If the sums don't match, well...

The above procedure isn't too time consuming to do: I just did it in about 5 minutes including typing this. I've noticed that it's pretty unusual for rkhunter to scream about changed binaries so I tend to pay attention when it does. This procedure would be fairly easy to script, but it doesn't happen often enough that I've ever bothered to do it.

If you're paranoid you can calculate the sum on the downloaded binary on a different system, or even a different OS. You can also check with different hash algorithms like whirlpool.

Again though, I just use rkhunter as a backup. Like I said, I like ossec much better: the change detection is coupled with other things like login failures and network events so you can be much more confident about if you are or aren't compromised.

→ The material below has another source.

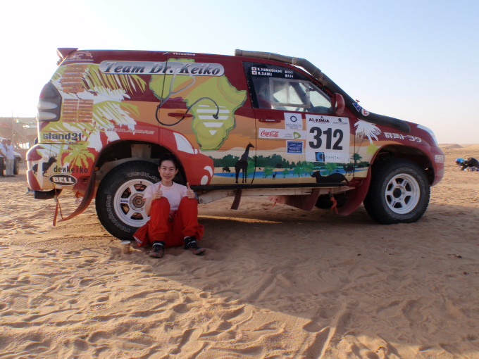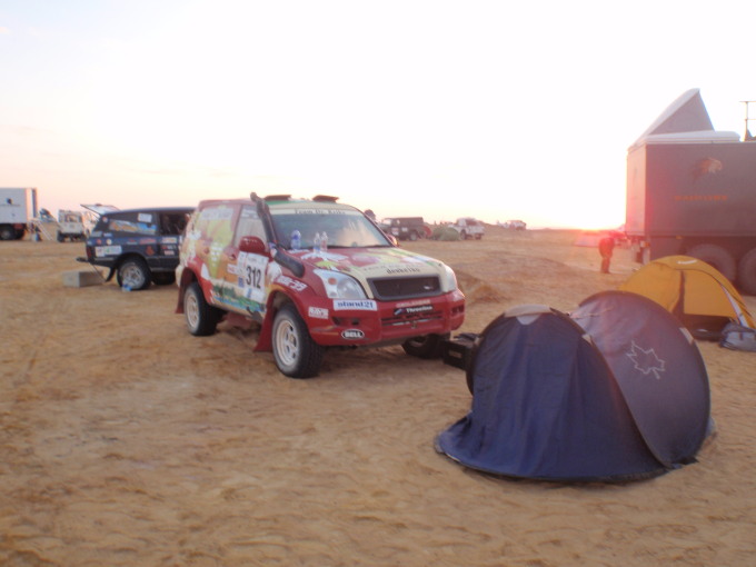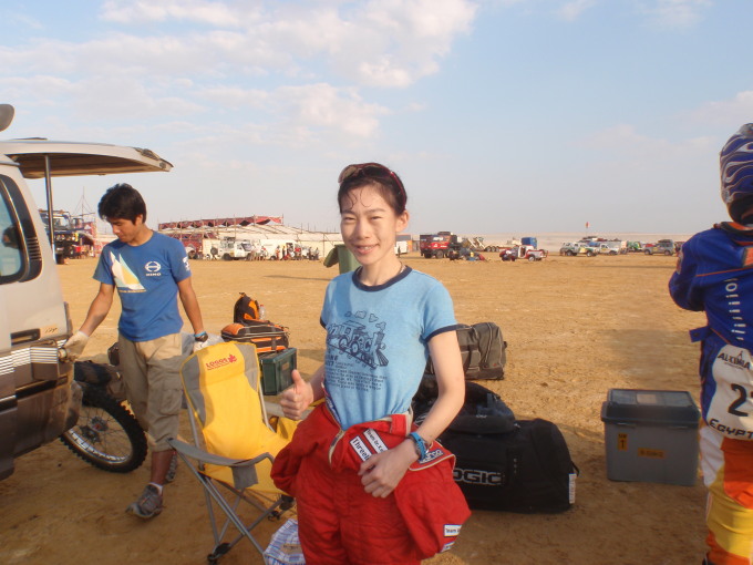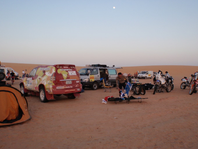 そして、日本チームのスタッフより、前夜、日本チームの間で私の門限を決めるという話が出た事を聞きました。2年連続午前様 & 朝帰りの私に対して、 “夜遅くまで砂遊びし過ぎ! ” とか “嫁入り前の娘なのに… ” と。余りの素行の悪さに、 “こうなったら、門限決めるか” という話になった様です。そんなこんなで、1時間日本チームのビバークに滞在した後に、2日目のスタート地点に向かいました。

This is great. Thank you very much.

How do I know which versions I should download with wget? I know I can get the installed version from Synaptic, but is there a connection between the deb name and the Ubuntu version? I can only distinguish the architecture.

This is great. Thank you very much.

How do I know which versions I should download with wget? I know I can get the installed version from Synaptic, but is there a connection between the deb name and the Ubuntu version? I can only distinguish the architecture.

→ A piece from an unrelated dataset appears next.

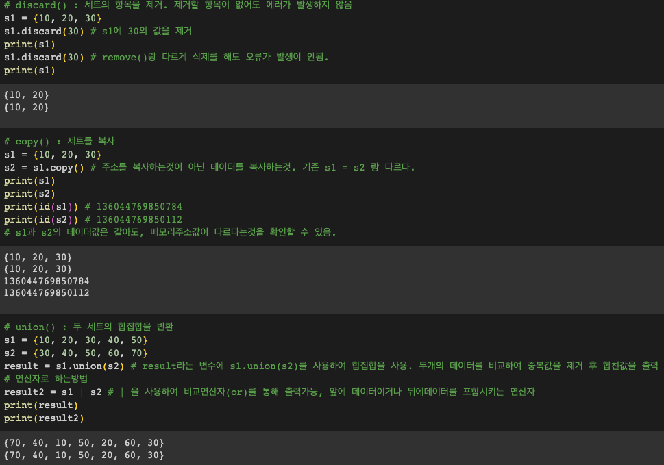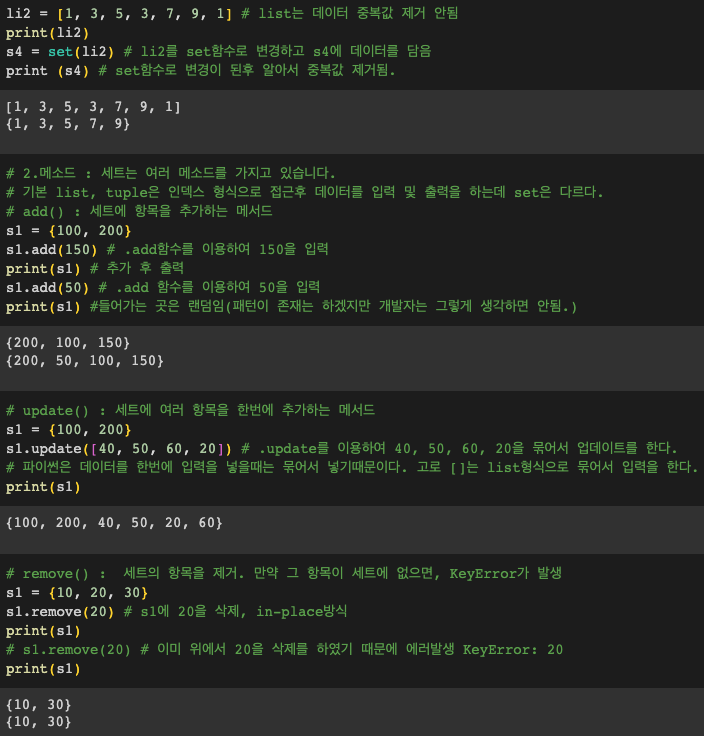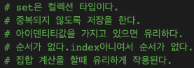 세트(set)는 중복되지 않는 항목들의 컬렉션입니다.

Honestly, I just looked it up online at packages.ubuntu.com. :oops: However you can look up which package provides the binary in question (/usr/bin/sudo in this case) by using:


dpkg -S /usr/bin/sudo

which gives:


sudo: /usr/bin/sudo

Then the quick way is to download the package with aptitude (I don't like apt-get):


aptitude download sudo
Reading package lists... Done
Building dependency tree
Reading state information... Done
Reading extended state information
Initializing package states... Done
Building tag database... Done
Get:1 http://us.archive.ubuntu.com hardy-updates/main sudo 1.6.9p10-1ubuntu3.4 [188kB]
Fetched 188kB in 1s (148kB/s)

which sticks the package in the current directory. You can then run the extraction and verification procedure I posted.

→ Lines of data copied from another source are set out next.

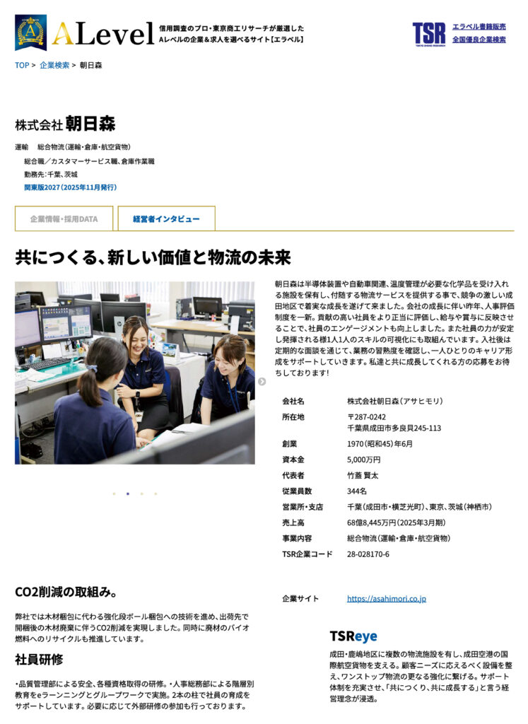 「ALevel(エラベル)」は、東京商工リサーチ社が発行する企業情報誌で、「Aレベルの会社を“選べる”」というコンセプトで、高評点企業のみ掲載できる地域密着の優良企業紹介誌です。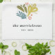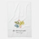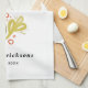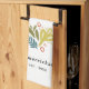 Cheerful custom kitchen towel featuring hand drawn botanicals and custom name and details.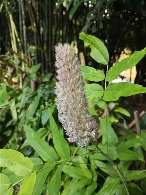 猫尾草(学名:Uraria crinita (L.) Desv. ex DC.)是豆科 ,狸尾豆属多年生亚灌木植物;茎直立,高可达1.5米.分枝少,叶片为奇数羽状复叶,托叶长三角形,先端细长而尖,边缘有灰白色缘毛;叶柄被灰白色短柔毛;小叶近革质,侧生小叶略小,上面无毛或于中脉上略被灰色短柔毛,下面沿脉上被短柔毛,在两面均凸起,下面网脉明显;小托叶狭三角形,小叶柄长密被柔毛。总状花序顶生,粗壮,苞片卵形或披针形,花梗花后伸长弯曲,花萼浅杯状,花冠紫色,荚果略被短柔毛;4-9月开花结果。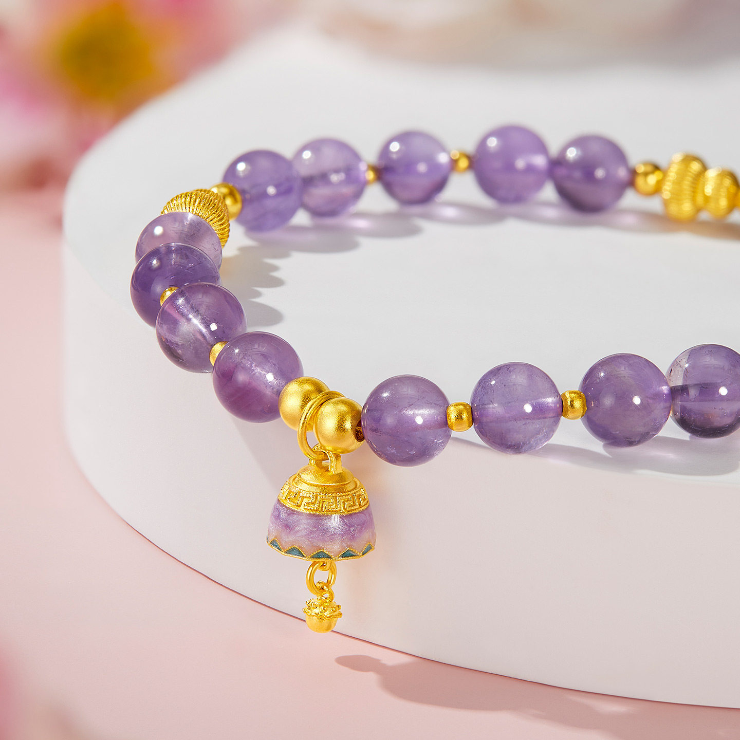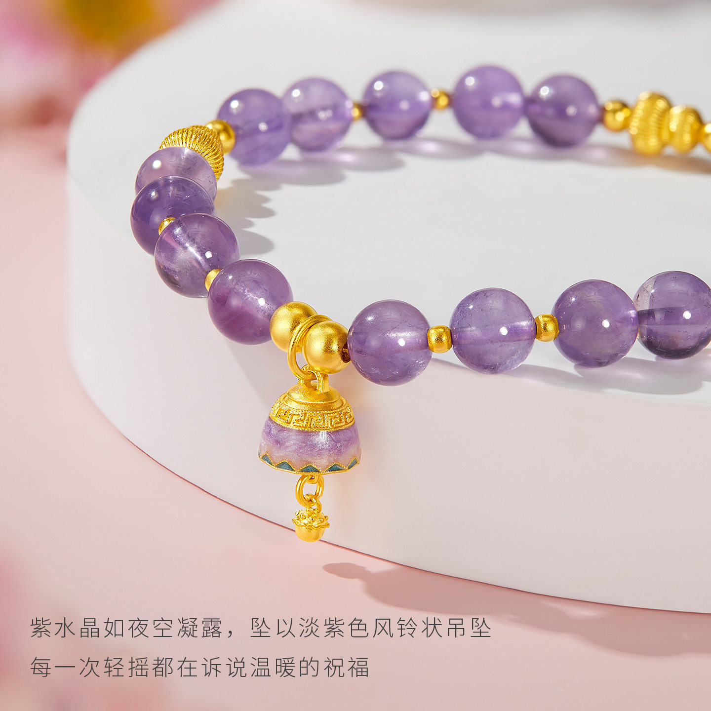 足金999紫水晶手串生日礼物送女友 金至尊水晶金黄金手链女2026由
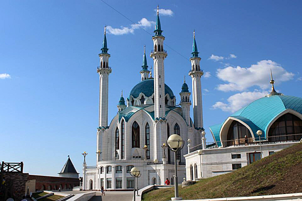 The blue-dome-topped mosque was built in 2005 and was designed to mirror the architect of “Kazan caps”, the hats worn by prior Kazan leaders.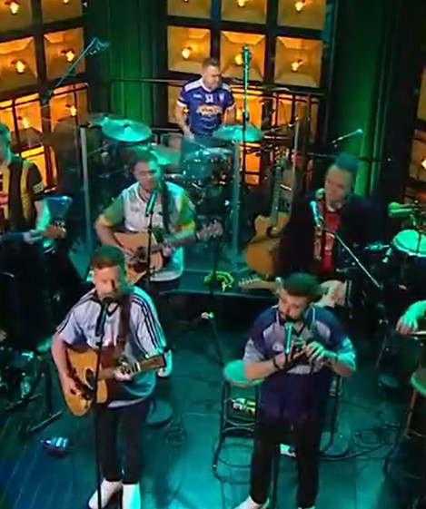 During George Murphy's rousing performance of 'Whiskey in the Jar', musical director of The Late Late Show and hit record producer Jonathan Owens, on drums, was spotted in the colours of his native club, St Mary's Granard.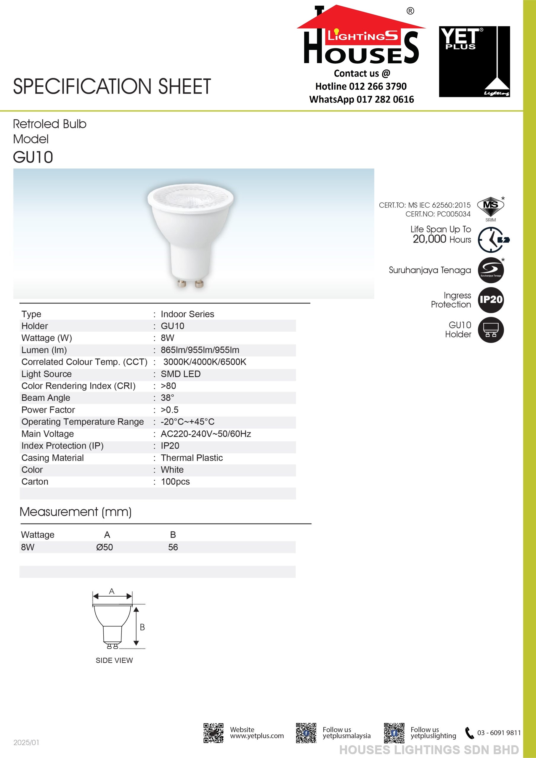 YET GU10 8W LED BULB

Honestly, I just looked it up online at packages.ubuntu.com. :oops: However you can look up which package provides the binary in question (/usr/bin/sudo in this case) by using:


dpkg -S /usr/bin/sudo

which gives:


sudo: /usr/bin/sudo

Then the quick way is to download the package with aptitude (I don't like apt-get):


aptitude download sudo
Reading package lists... Done
Building dependency tree
Reading state information... Done
Reading extended state information
Initializing package states... Done
Building tag database... Done
Get:1 http://us.archive.ubuntu.com hardy-updates/main sudo 1.6.9p10-1ubuntu3.4 [188kB]
Fetched 188kB in 1s (148kB/s)

which sticks the package in the current directory. You can then run the extraction and verification procedure I posted.

Awesome. That's much easier. Thank you very much again.

You need to do a sudo rkhunter --update and it updates all its files.